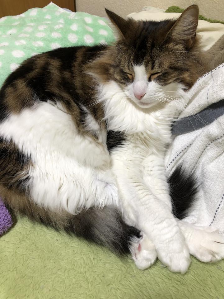 暑くなってくると枕の横に丸くなって寝てて、
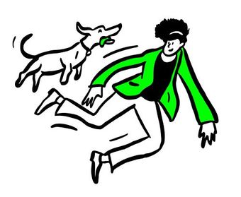 Die Zeichnung "dog-jump" aus der Serie "Open Doodles" zeigt eine junge Frau und einen hoch springenden Hund. Das Bild ist unter CC0 lizenziert und kann somit frei verwendet werden.
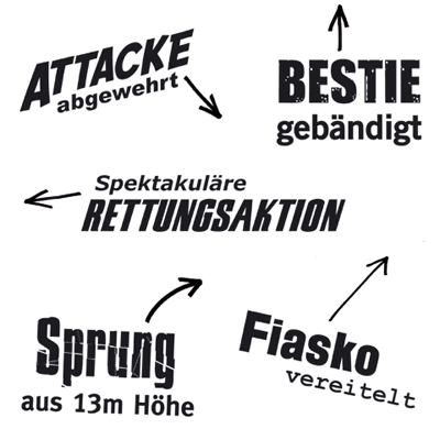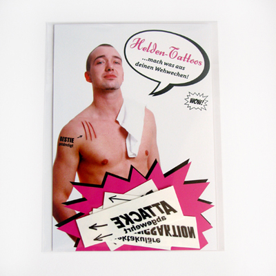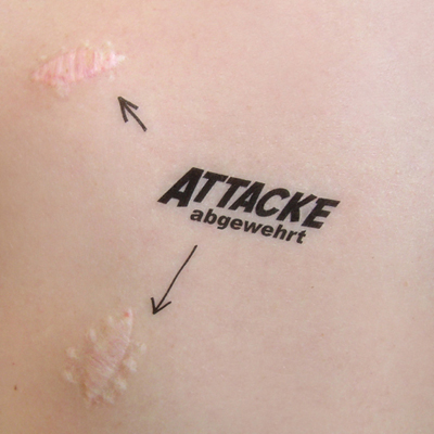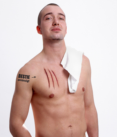 Table edge? That was a daredevil leap from 13m height! Stumbled? You repressed a wild beast! With the fabulous Tattoos for Heroes you can fit out your little aches and pains with thrilling stories and put yourself into the limelight.
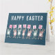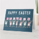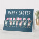 Carte de Pâques pour quelqu'un avec un nom de 7 lettres. Carte de Pâques amusante avec illustration de lapins en rose et bleu. Les lapins tiennent des cartes pour épeler le nom.
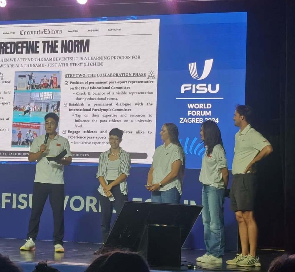 在论坛演讲环节,按照组委会的分组安排,红足一1世学生和来自其他国家和地区的学生围绕推进残疾人大学生运动、构建FISU国际交流合作网络等作了专题报告。
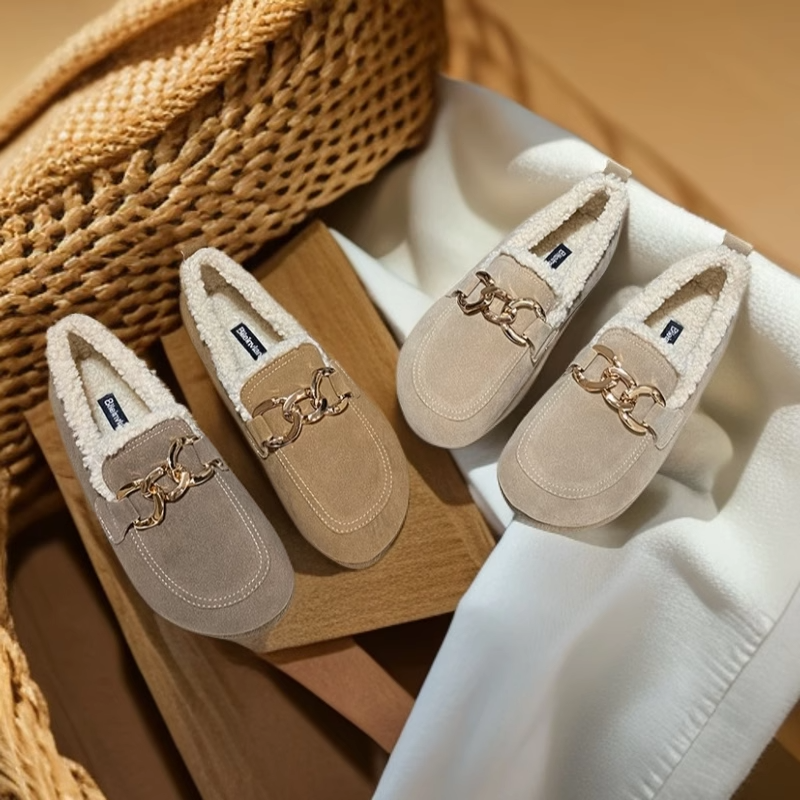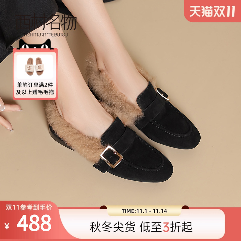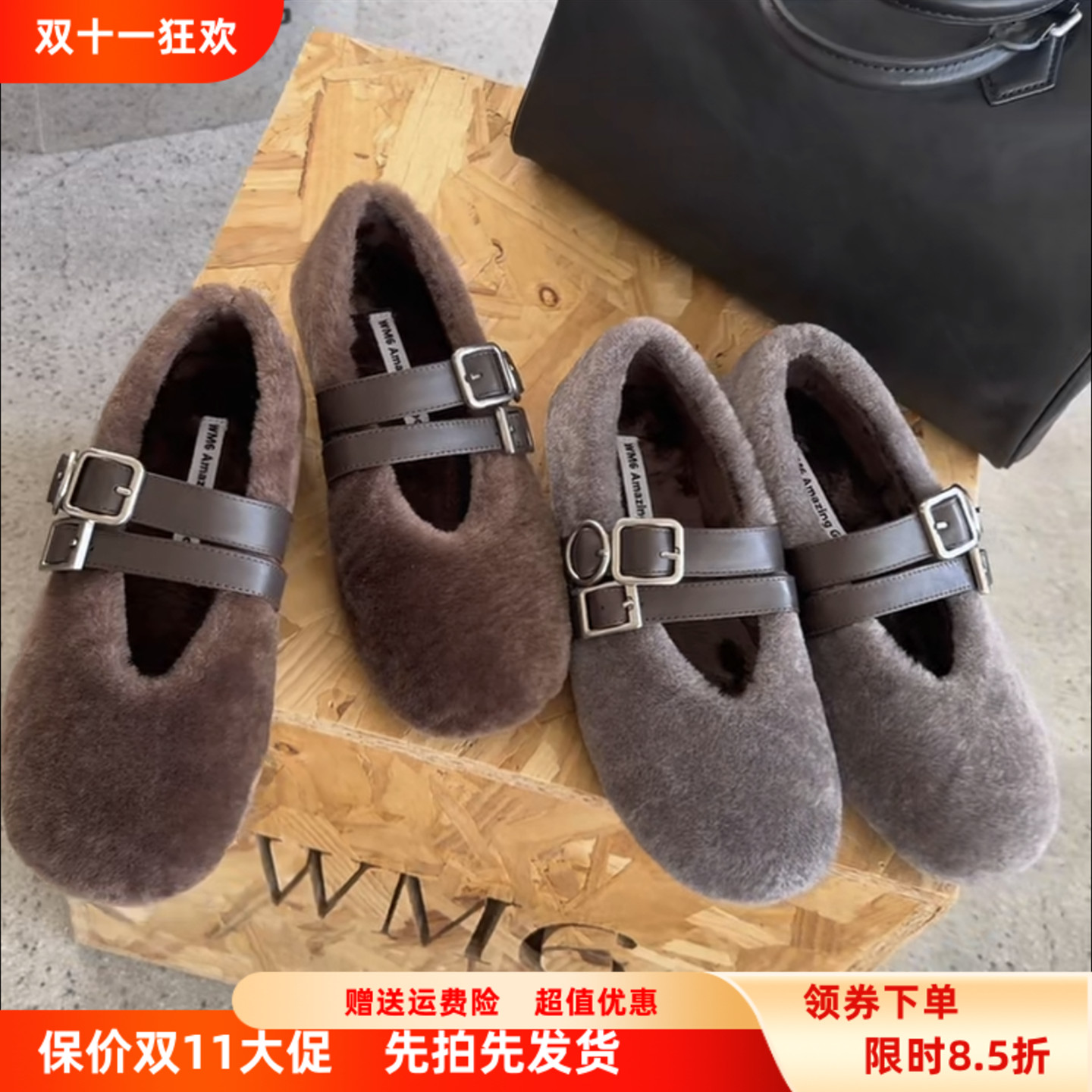 WM6女鞋2025秋冬新款欧货真皮圆头皮带扣加绒保暖豆豆鞋毛毛鞋潮
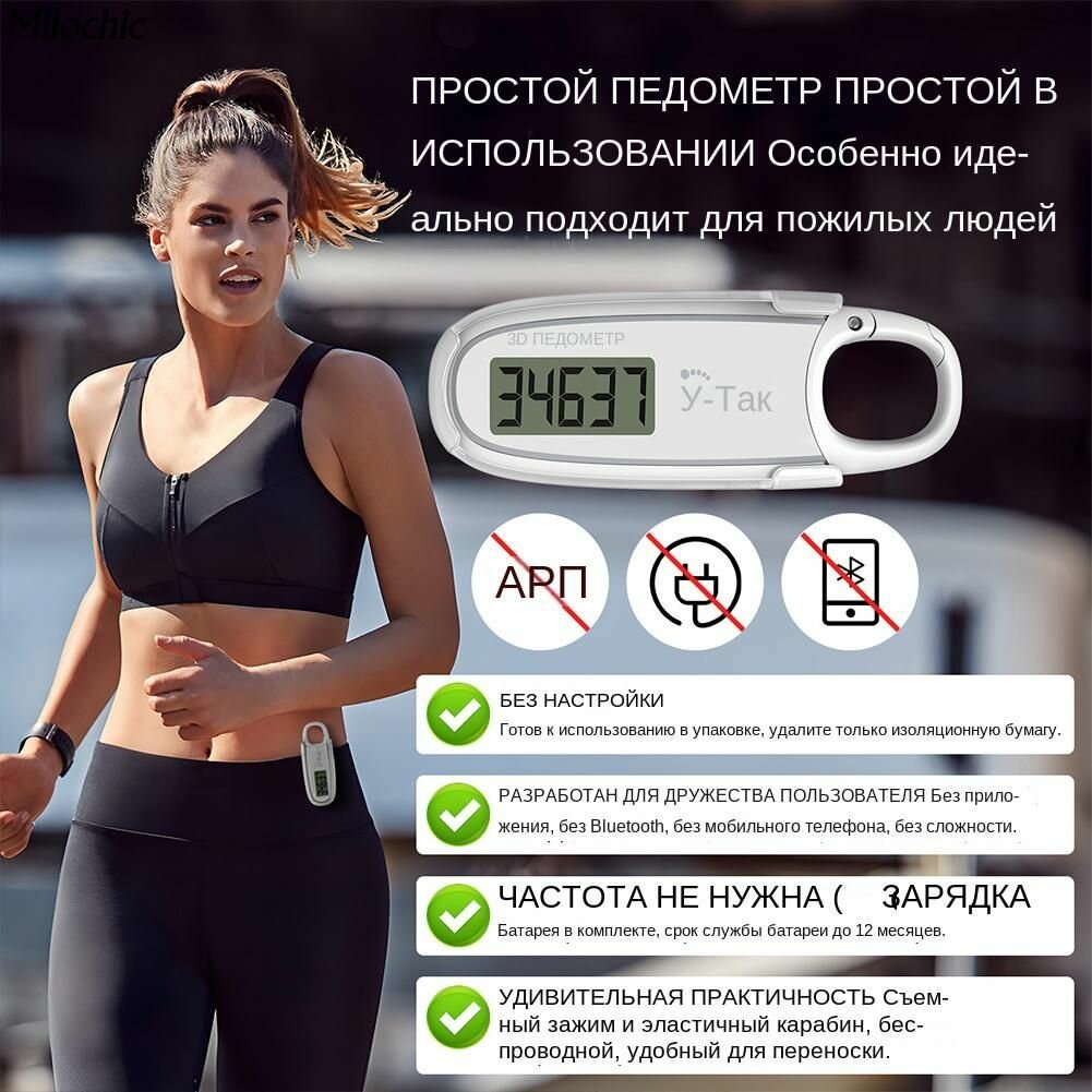 Шагомер с 3D-датчиком, точный подсчет, большой ЖК-дисплей, простой и удобен в использовании, простой и понятный в использовании интересное:

□ □ □

__Assigned task__.
Leave out the pictures and output every record above precisely as given.

__Solution to this task__.
 暑くなってくると枕の横に丸くなって寝てて、
 Die Zeichnung "dog-jump" aus der Serie "Open Doodles" zeigt eine junge Frau und einen hoch springenden Hund. Das Bild ist unter CC0 lizenziert und kann somit frei verwendet werden.
 Table edge? That was a daredevil leap from 13m height! Stumbled? You repressed a wild beast! With the fabulous Tattoos for Heroes you can fit out your little aches and pains with thrilling stories and put yourself into the limelight.
 Carte de Pâques pour quelqu'un avec un nom de 7 lettres. Carte de Pâques amusante avec illustration de lapins en rose et bleu. Les lapins tiennent des cartes pour épeler le nom.
 在论坛演讲环节,按照组委会的分组安排,红足一1世学生和来自其他国家和地区的学生围绕推进残疾人大学生运动、构建FISU国际交流合作网络等作了专题报告。
 WM6女鞋2025秋冬新款欧货真皮圆头皮带扣加绒保暖豆豆鞋毛毛鞋潮
 Шагомер с 3D-датчиком, точный подсчет, большой ЖК-дисплей, простой и удобен в использовании, простой и понятный в использовании интересное:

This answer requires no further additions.